▸ **REQUIRED WORK**
Using the listing below, print exactly everything from the line with "день, красивая анимация" down to the line with "Auf dem Parkplatz", both included, and nothing more.

▸ **DATA UNDER STUDY**
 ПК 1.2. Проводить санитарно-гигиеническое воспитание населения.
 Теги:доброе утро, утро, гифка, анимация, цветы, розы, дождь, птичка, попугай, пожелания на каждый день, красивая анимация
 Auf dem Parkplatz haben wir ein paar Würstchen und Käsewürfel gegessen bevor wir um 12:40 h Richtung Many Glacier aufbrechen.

* * *

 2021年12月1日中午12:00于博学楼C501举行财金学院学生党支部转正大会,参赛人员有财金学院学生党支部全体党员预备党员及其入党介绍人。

▸ **EXPECTED ANSWER**
 Теги:доброе утро, утро, гифка, анимация, цветы, розы, дождь, птичка, попугай, пожелания на каждый день, красивая анимация
 Auf dem Parkplatz haben wir ein paar Würstchen und Käsewürfel gegessen bevor wir um 12:40 h Richtung Many Glacier aufbrechen.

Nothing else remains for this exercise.